Hubbard’s father said his son had left his residence hall room in 2109 F Street for the summer last Tuesday, but came back Friday to help a friend move into summer housing. He slept in his friend’s room in Guthridge Hall Friday night.

The room, originally a quad, housed only three students this semester. Only one roommate was still living in the room at the time of the incident. That student, a sophomore, declined to comment for this article.According to Hubbard’s father, the Guthridge Hall resident was asleep when police officers came to investigate.

Metropolitan Police are still investigating how Hubbard fell, and a public information officer said Sunday evening that there was no new information regarding the incident.

Hubbard was found by a group of students coming back from a party early Saturday morning. Senior Jen Choi said she was walking back to South Hall around 4 a.m. when she and her friends found a male sprawled out on the grass in Guthridge Park.

“As we were walking along the way we saw this guy who was face up on the grass and we thought maybe he was just drunk and we kind of looked to see if he was ok,” Choi said. “But then we realized he was erratically breathing and that his wrist was swollen and he had cuts on his arm, and then we realized we had to call 911 or EMeRG.”

Choi said no one claiming they knew the victim showed up to the scene while emergency responders were there.

Classmates and friends said Hubbard was a “happy,” “positive” and “outgoing” person.

“That kid was outstanding, and there’s no words fully able to express every single thing he was to all of us,” sophomore Noel Behailu said. “Taylor was really nice to pretty much everyone. I don’t think I ever saw him mad or angry. He was just a positive person.”

Behailu and Hubbard met freshman year while they were both living on the Mount Vernon Campus, Behailu said.  He remembers studying with Hubbard and sometimes playing soccer with the fellow engineering student, who he called “incredibly athletic.”

Sophomore Kelli Noel, a biomedical engineering student, said she and Hubbard would often study together and hang around campus.

“He always took life with a smile,” Noel said. “Everyone really loved him.”

Hubbard was an ultimate frisbee and soccer enthusiast, friends said. He also was highly focused on his studies, spending hours studying before tests.  This semester Hubbard was initiated into the Alpha Pi Chapter of Alpha Chi Sigma, a co-ed professional fraternity in chemistry.

“He was always studious, even from elementary school,” Wayne Hubbard, Taylor’s father, said. “He hated to get a bad grade in anything, even a B.”

Wayne said Hubbard hoped to continue his education in medicine. While at the hospital, Wayne said engineering students, former high school classmates and teachers came to visit Hubbard. President Steven Knapp also visited with the family Saturday afternoon.

“Taylor, he lived for his friends. His friendships were the most important thing to him. He just loved everyone he met,” Wayne said. “He was just quite a kid.”
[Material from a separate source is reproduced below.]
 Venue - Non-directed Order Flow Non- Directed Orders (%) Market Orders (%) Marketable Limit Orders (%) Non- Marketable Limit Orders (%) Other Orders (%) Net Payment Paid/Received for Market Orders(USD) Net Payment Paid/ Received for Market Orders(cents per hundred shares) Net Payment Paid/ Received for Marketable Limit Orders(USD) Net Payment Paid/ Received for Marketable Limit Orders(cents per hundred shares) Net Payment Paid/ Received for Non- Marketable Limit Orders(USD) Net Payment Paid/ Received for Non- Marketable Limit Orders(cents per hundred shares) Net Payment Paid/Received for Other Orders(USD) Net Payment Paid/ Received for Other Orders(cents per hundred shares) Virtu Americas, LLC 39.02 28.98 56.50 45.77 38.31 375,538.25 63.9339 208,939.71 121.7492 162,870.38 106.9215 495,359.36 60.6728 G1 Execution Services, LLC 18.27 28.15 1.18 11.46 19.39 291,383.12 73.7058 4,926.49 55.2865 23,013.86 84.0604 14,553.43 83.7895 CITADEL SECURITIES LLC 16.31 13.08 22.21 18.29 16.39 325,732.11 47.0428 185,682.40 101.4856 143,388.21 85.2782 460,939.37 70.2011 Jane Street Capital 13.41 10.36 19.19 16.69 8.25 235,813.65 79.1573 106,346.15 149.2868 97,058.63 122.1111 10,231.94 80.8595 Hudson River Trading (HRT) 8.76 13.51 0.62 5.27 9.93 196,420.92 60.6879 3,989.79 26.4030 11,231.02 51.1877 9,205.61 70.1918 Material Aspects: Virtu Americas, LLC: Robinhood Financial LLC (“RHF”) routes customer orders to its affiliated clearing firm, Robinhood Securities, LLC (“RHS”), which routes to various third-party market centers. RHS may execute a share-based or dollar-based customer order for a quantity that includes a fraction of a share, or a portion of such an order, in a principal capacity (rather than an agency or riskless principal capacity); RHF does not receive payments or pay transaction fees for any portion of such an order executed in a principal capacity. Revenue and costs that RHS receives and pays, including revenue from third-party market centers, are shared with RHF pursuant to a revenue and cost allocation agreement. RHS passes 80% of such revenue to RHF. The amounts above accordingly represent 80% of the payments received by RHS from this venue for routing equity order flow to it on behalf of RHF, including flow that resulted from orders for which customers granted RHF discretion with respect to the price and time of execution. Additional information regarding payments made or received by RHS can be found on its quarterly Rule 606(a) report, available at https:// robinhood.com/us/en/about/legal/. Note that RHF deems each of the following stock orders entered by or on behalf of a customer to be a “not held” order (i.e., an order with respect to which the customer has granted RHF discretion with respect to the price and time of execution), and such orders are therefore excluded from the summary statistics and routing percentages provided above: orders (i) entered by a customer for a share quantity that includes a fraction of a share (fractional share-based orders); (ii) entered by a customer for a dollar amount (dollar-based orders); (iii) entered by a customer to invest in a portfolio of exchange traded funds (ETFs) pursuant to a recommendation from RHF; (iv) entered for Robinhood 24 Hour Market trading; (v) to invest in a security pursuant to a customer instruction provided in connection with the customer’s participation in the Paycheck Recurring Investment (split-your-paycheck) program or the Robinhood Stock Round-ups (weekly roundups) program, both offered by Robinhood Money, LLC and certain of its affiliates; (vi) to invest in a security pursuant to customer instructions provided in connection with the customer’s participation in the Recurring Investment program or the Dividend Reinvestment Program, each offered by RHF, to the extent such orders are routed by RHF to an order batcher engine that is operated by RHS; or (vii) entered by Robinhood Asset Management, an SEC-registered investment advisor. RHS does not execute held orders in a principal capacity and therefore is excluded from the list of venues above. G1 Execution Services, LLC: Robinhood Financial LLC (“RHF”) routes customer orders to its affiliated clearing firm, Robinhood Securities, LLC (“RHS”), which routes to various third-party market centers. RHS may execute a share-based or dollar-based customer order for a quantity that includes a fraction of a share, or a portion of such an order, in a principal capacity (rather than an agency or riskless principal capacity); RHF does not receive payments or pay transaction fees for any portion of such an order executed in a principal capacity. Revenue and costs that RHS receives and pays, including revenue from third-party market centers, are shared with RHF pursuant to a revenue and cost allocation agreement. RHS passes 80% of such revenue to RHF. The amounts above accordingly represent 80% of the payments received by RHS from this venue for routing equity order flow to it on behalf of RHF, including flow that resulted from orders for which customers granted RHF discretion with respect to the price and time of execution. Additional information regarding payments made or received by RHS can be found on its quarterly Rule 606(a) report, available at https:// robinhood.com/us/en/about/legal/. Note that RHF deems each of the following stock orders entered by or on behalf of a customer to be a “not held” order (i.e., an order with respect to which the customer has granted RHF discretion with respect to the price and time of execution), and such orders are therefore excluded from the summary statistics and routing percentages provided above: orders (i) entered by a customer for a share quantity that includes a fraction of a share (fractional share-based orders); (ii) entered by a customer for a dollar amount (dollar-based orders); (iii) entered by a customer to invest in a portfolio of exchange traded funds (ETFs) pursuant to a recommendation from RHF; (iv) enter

Friends of Hubbard’s gathered Sunday afternoon in the basement of Potomac Hall to remember their outgoing, passionate friend. A representative from the University Counseling Center was also on hand for students who needed to talk about their feelings.
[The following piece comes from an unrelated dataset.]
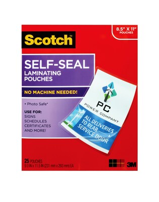 Scotch Self-Sealing Laminating Pouches, 9.5 mil, 8 1/2 x 11, 25/Pack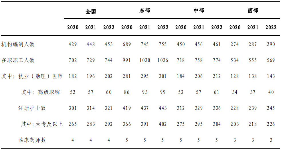 (一)人才梯队持续优化。全国县医院在职职工人数、卫生技术人员数、执业(助理)医师数、注册护士数及临床药师数均稳中有增(见表1)。中部地区平均每家医院执业(助理)医师数增量最多,西部地区临床药师数增幅最大。县医院执业(助理)医师硕士及以上学历人员、高级职称人员较2020年度增长率均超过15%,护士中具有大专及以上学历者较2020年度增长10.19%,专业技术人员学历和职称结构持续优化。

“His company was the greatest gift anyone could ask for,” sophomore Daniel Kane said in a statement to the School of Engineering and Applied Science. “He could make you laugh like no other friend could. He helped in anyway he could, even if it meant a night spent in Gelman Library.”

School of Engineering and Applied Science Dean David Dolling did not return requests for comments and directed all questions to the Office of External Relations Saturday evening.

Hubbard is the second student to die on campus in the last 18 months. Last January, sophomore Laura Treanor was found dead in her Ivory Tower dorm room. A medical examiner later found that Treanor died from acute alcohol intoxication, the clinical term for alcohol poisoning.

Knapp announced Hubbard’s death Sunday during the University’s Commencement Ceremony. Those on the National Mall took a moment of silence for Hubbard.

“Our hearts go out to his family and his many friends in the George Washington community,” Knapp said.